> Exercise
Please return the records below exactly as they stand, with the pictures removed.

> Data extracts
____

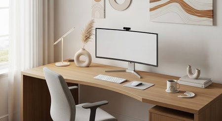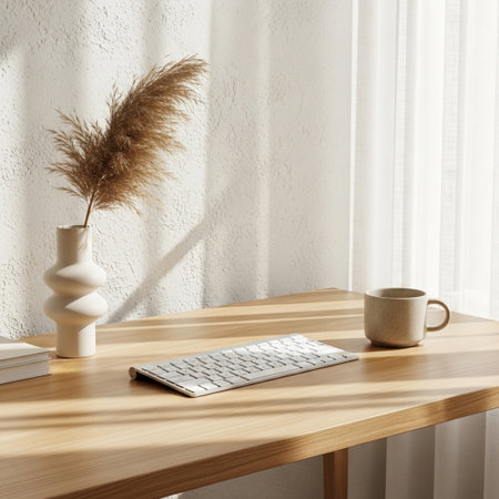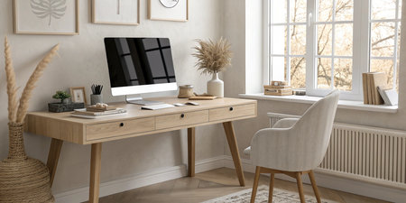Warm Minimalist Workspace – Light Wood & Natural Light
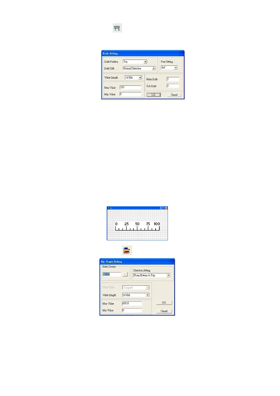 maximum value causes the bar graph is full (100%). A value between the minimum and maximum
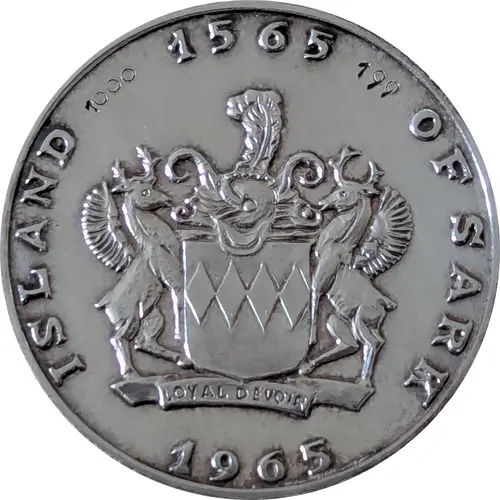 | Reverse description | Coat of Arms of Sibyl Hathaway, the Dame of Sark at the time. Dates and legend around. |
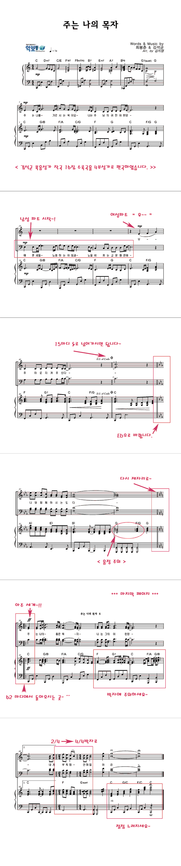| 주는 나의 목자 큰글씨 | 성가 4부 + 피아노 반주 |
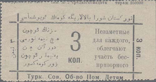 1924(?) г.   Разм. рамки 64 х 27 мм. Одноцветная печать на бумаге различных цветов. В рамке номинал текст на русском и узбекском, арабским шрифтом языках: «...коп. Незаметные для каждого, об-легчают участь беспризорного». Внизу под рамкой текст: «Турк[естанское]. Сов[етское]. Об-во Пом[ощи]. Детям». Внизу мелким шрифтом выходные данные.

____

> Finished task
Warm Minimalist Workspace – Light Wood & Natural Light
 maximum value causes the bar graph is full (100%). A value between the minimum and maximum
 | Reverse description | Coat of Arms of Sibyl Hathaway, the Dame of Sark at the time. Dates and legend around. |
| 주는 나의 목자 큰글씨 | 성가 4부 + 피아노 반주 |
 1924(?) г.   Разм. рамки 64 х 27 мм. Одноцветная печать на бумаге различных цветов. В рамке номинал текст на русском и узбекском, арабским шрифтом языках: «...коп. Незаметные для каждого, об-легчают участь беспризорного». Внизу под рамкой текст: «Турк[естанское]. Сов[етское]. Об-во Пом[ощи]. Детям». Внизу мелким шрифтом выходные данные.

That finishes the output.